After analyzing Table 3, we have reached the following conclusions: the pseudo label filtering module has a significant impact on the performance of the ReliaMatch method, as the removal of this module leads to an increase in model error rate from 5.86 to 9.12. This indicates that the pseudo label filtering module can remove low-confidence pseudo labels, thereby reducing noise and improving model performance. In contrast, the effect of the feature filtering module is not as significant as that of the pseudo label filtering module, but it still contributes to improving model performance. Its removal results in a model error rate increase from 5.86 to 6.74, indicating that the feature filtering module can select high-quality features and thus improve the model’s performance. Additionally, removing both feature and pseudo label filtering modules causes a sharp increase in model error rate, from 5.86 to 16.9. This demonstrates that both feature and pseudo label filtering modules make important contributions to the performance of the ReliaMatch method, and both are necessary.
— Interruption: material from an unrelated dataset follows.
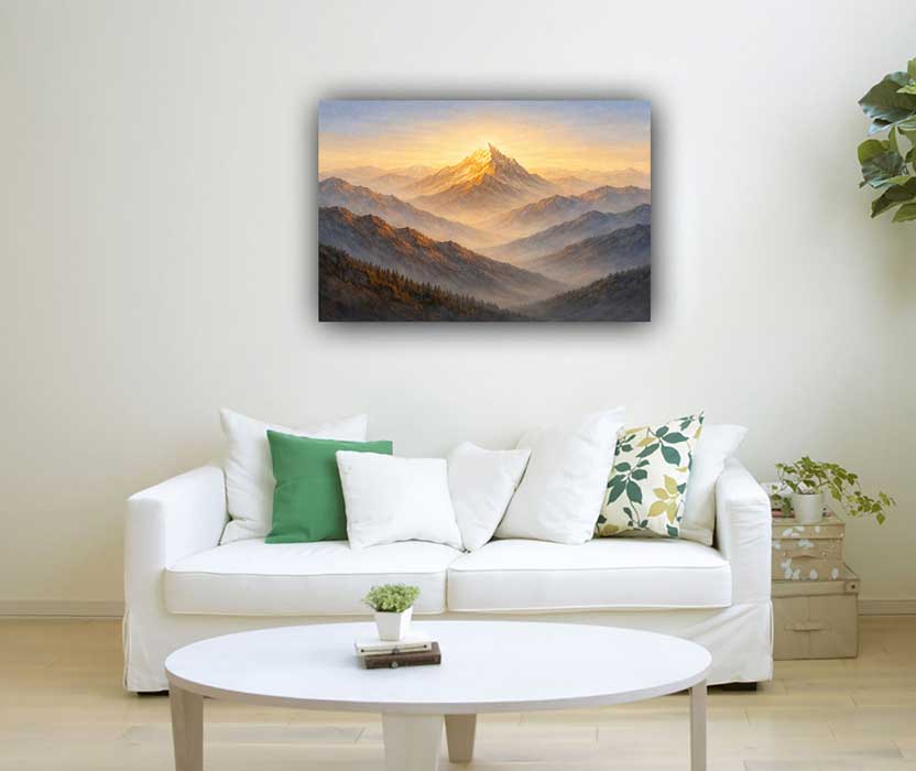 This inspiring painting of a mountain peak illuminated by radiant sunlight symbolizes success, profits, and long-term financial gains—especially when placed in the west direction as per vastu. The towering mountain represents strength, stability, and achievement, while the sunlight signifies rewards, clarity, and positive outcomes. The west direction enhances returns, recognition, and results from efforts, making this artwork ideal for offices, workspaces, or living areas. As a vastu painting, it helps attract financial gains, support steady growth, and ensure long-term success.

Therefore, both feature and pseudo label filtering modules play important roles in the ReliaMatch method. The feature filtering module can select high-quality features, while the pseudo label filtering module can remove low-confidence pseudo labels. Their combined effect can improve model performance.

We demonstrated the training process of ReliaMatch using the CNN-13 network on the CIFAR-10 and SVHN datasets. ReliaMatch adopts a curriculum learning training approach. The method combines the selected samples and their reliable pseudo-labels with the labeled data, gradually increasing the difficulty of the training data to participate in model training in a supervised manner. As shown in Figure 6 and Figure 7, during the training process, ReliaMatch reinitializes the model training after each label transfer to mitigate the problem of confirmation bias caused by pseudo-labels.

Discussion. The semi-supervised classification method ReliaMatch solves the problems of underutilizing relationship between labeled and unlabeled data as well as introducing unreliable information into the model, and ReliaMatch also achieves desirable classification results in different networks and dataset application scenarios. Although ReliaMatch performs well in image semi-supervised classification issues, there are still some potential limitations: (1) The algorithm’s performance depends on the confidence threshold. The confidence threshold needs to be well-designed and controlled in both feature filtering module and the pseudo-label filtering module to get the best results. (2) Additionally, ReliaMatch may also be affected by the selection of model’s feature extraction and model types. Therefore, in future work, it can be considered to adaptively select appropriate confidence thresholds and hyper-parameters to improve and optimize ReliaMatch, so as to further enhance the existing methods and provide insights for future semi-supervised learning tasks.

5. Conclusions

In this paper, we proposed a reliable semi-supervised deep learning classification algorithm, i.e., ReliaMatch. The algorithm integrates a course label, a feature filter module, and a pseudo-label filter module, aiming at improving classification accuracy and algorithm reliability, focusing on key features, making better use of unlabeled data and avoiding the confirmation deviation of pseudo-labels. The course label improves the classification accuracy and the reliability of the algorithm. The feature filtering module eliminates unnecessary features, which makes the algorithm pay more attention to key features. The false label filtering module eliminates the confirmation deviation of false labels and filters out unreliable features and labels with low confidence, thus making the algorithm more stable and reliable. The experimental results show that ReliaMatch achieves the most advanced classification results on multiple datasets under the control of the confidence threshold.

Author Contributions

Conceptualization, T.J. and W.C.; methodology, T.J.; validation, L.C. and W.C.; data curation, W.C.; writing—original draft preparation, T.J. and W.C.; writing—review and editing, T.J., W.C., W.M. and P.Q.; visualization, L.C. and W.C.; supervision, T.J., W.M. and P.Q.; funding acquisition, T.J. and P.Q. All authors have read and agreed to the published version of the manuscript.

Funding

This research was funded by National Natural Science Foundation of China No. 62171334, Fundamental Research Funds for the Central Universities No. ZYTS23162, and Scientific Research Foundation of Northwest A&F University No. Z1090121092.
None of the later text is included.